The radio button gets automatically set to the 1st boot device, which when booting of a usb stick is the usb stick, if you've filtered out the usb stick then we will use the next first boot device as indicated by the BIOS. It could be the BIOS does not provide EDD info for the raid set when booting from usb stick and then we will determine which is the 1st boot device by sorting by name. So the iscsi disk comes first.

You can however change the default selection by clicking the radio button.

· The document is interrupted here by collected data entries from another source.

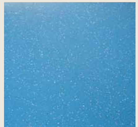
Ein sauberes Ergebnis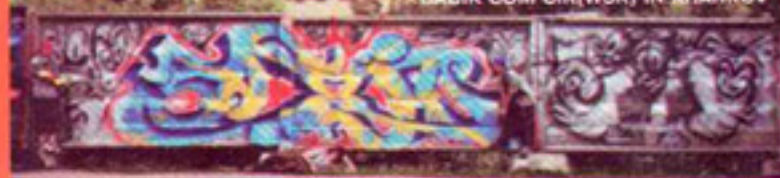
BACIK COM CIK(WSK) IN KHARKOV

хоперами (TEKILL). Центральною подією того року став спільний з хоперами bombing в центрі міста (вул.Крилова). За 90хвилин CIK встиг вкрити фарбою чималу площу стін, незважаючи на дощ та "Boys In Blue".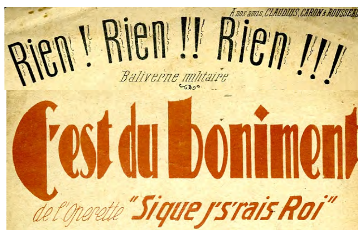
Ill. 4. Une recherche superficielle sur Hal peut donner l'impression aux auteurs qu'ils ne sont pas connus de Hal, alors qu'en réalité de nombreuses notices bibliographiques ont été déposées pour eux. [Ch. 12 et 13]

« Auteur (nom) est exactement », je tape mon nom, ça, je sais faire. Attention aux accents ! Voilà, c'est bon. Qu'est-ce que j'obtiens comme réponses ? Mais qu'est-ce qu'il m'a raconté, cet imbécile, j'y suis même pas !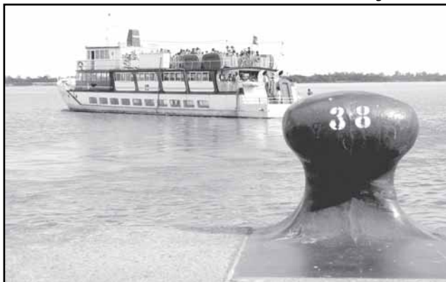
Passeios com o Cisne Branco integram as atrações da cidade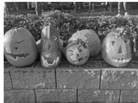
Výsledek letošního dýňobraní. Armáda oranžových strašáků.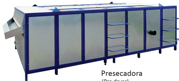
Presecadora (Pre dryer) RA-700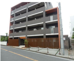
コンテスト受賞歴がある外観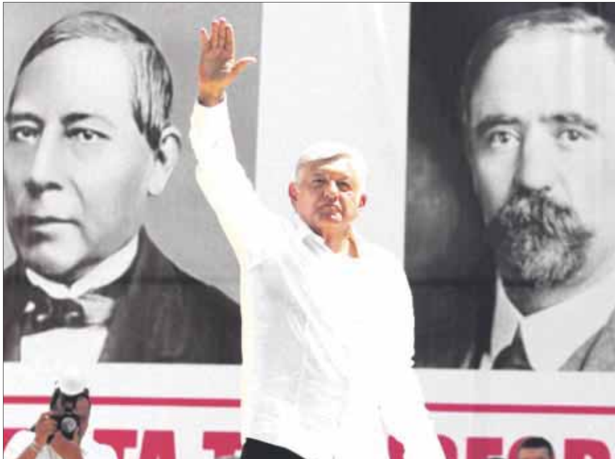
El Presidente electo, Andrés Manuel López Obrador , refrendó su apoyo a los migrantes centroamericanos indocumentados, a quienes ofreció visas de trabajo.

El spot agradece a López Obrador por “defender que el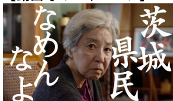
【動画その1イメージ】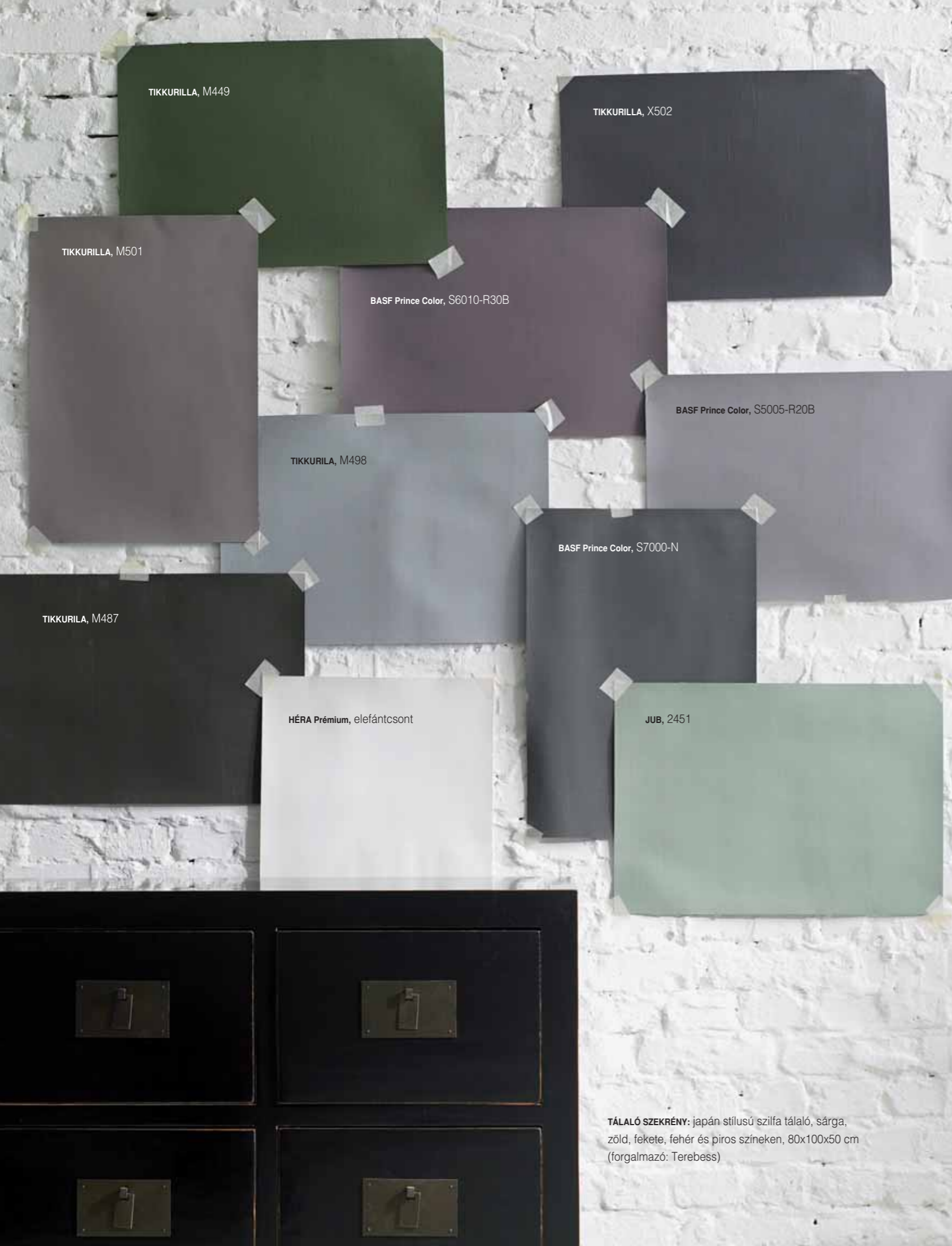
TÁLALÓ SZEKRÉNY: japán stílusú szilfa tálaló, sárga, zöld, fekete, fehér és piros színeken, 80x100x50 cm (forgalmazó: Terebess)

” NE CSAK EGY SZÍNNEL KÍSÉRLETEZZÜNK! TÖBB SZÍNBŐL IS VÁSÁROLJUNK! VANNAK OLYAN GYÁRTÓK, AKIK MINTA CÉLJÁBÓL ÁRULNAK MÁR MINI KISZERELÉSBEN IS FESTÉKEKET. NE FELEDJÜK, HOGY A FESTÉK SZÁRADÁS UTÁN MUTATJA MEG VÉGSŐ SZÍNÉT! ”

Comment 5 James Laska 2010-05-04 12:19:50 UTC
(In reply to comment #4)
> Have you actually tried to click on the radio button in the selection ?
> <snip>
> You can however change the default selection by clicking the radio button.    

As noted in comment#0, "I'm not able to select the local BIOS RAID device as my boot device."  The radio button is not selectable for some reason.

Comment 6 Adam Williamson 2010-05-04 13:22:40 UTC
impact:

<hansg> Any time we get the boot disk wrong (which we do as we use heuristics) and any time the user does not want to select what we think will be the  boot disk for installation the user looses

makes it clearly a blocker.



-- 
Fedora Bugzappers volunteer triage team
https://fedoraproject.org/wiki/BugZappers

Comment 7 Hans de Goede 2010-05-04 14:09:51 UTC
This is fixed in anaconda-13.40-1, moving to modified.

Comment 8 James Laska 2010-05-04 14:26:26 UTC
Confirmed fix using anaconda-13.39-1 + http://people.fedoraproject.org/~jwrdegoede/f13-updates.img

Comment 9 Adam Williamson 2010-05-05 16:58:27 UTC
We should now be able to confirm that this bug is fixed using the images here:

http://alt.fedoraproject.org/pub/alt/stage/13.0505/Fedora/i386/os/images/

if we have not yet confirmed the fix, can anyone able to reproduce this bug please test with one of those images and check that the bug is fixed? Thanks.

Comment 10 James Laska 2010-05-05 17:26:40 UTC
Confirmed fix using vmlinuz, initrd.img and install.img from the URL in comment#9.

Comment 11 Adam Williamson 2010-05-05 17:40:53 UTC
I confirm that this works with the 0505 image in my situation too.